* WORK INSTRUCTIONS: In the material below, the lines between the one holding "Front garden providing" and the one holding "어웨이크뉴스 오경하 기자", inclusive, are to be set down word for word. Pictures stay out.

[[ DATASET open ]]

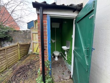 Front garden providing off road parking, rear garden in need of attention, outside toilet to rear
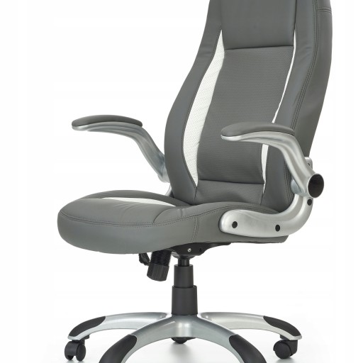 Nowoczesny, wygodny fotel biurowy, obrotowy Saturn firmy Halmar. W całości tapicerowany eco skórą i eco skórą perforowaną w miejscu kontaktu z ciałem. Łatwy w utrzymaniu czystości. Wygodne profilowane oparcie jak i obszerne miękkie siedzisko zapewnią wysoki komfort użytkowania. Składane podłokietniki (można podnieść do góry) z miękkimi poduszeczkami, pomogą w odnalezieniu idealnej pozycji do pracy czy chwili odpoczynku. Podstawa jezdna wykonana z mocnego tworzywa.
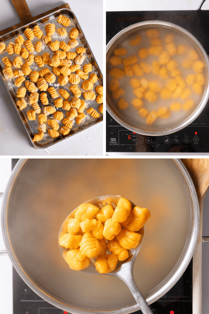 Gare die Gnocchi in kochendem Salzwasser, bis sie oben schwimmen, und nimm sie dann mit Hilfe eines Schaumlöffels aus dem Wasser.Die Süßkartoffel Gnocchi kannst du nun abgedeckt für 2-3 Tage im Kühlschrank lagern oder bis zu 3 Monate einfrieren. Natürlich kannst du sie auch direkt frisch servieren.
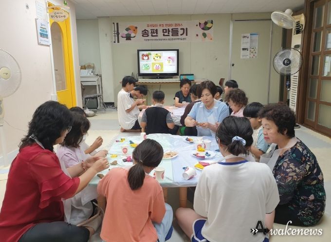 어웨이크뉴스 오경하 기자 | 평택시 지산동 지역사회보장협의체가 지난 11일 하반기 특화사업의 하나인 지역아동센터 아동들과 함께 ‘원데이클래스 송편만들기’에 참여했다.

[[ DATASET closed ]]
[[ DATASET open ]]

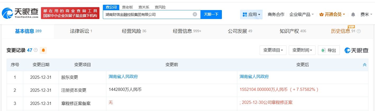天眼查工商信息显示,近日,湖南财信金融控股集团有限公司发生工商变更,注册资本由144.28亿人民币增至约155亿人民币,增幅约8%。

[[ DATASET closed ]]

* TASK ANSWER:
 Front garden providing off road parking, rear garden in need of attention, outside toilet to rear
 Nowoczesny, wygodny fotel biurowy, obrotowy Saturn firmy Halmar. W całości tapicerowany eco skórą i eco skórą perforowaną w miejscu kontaktu z ciałem. Łatwy w utrzymaniu czystości. Wygodne profilowane oparcie jak i obszerne miękkie siedzisko zapewnią wysoki komfort użytkowania. Składane podłokietniki (można podnieść do góry) z miękkimi poduszeczkami, pomogą w odnalezieniu idealnej pozycji do pracy czy chwili odpoczynku. Podstawa jezdna wykonana z mocnego tworzywa.
 Gare die Gnocchi in kochendem Salzwasser, bis sie oben schwimmen, und nimm sie dann mit Hilfe eines Schaumlöffels aus dem Wasser.Die Süßkartoffel Gnocchi kannst du nun abgedeckt für 2-3 Tage im Kühlschrank lagern oder bis zu 3 Monate einfrieren. Natürlich kannst du sie auch direkt frisch servieren.
 어웨이크뉴스 오경하 기자 | 평택시 지산동 지역사회보장협의체가 지난 11일 하반기 특화사업의 하나인 지역아동센터 아동들과 함께 ‘원데이클래스 송편만들기’에 참여했다.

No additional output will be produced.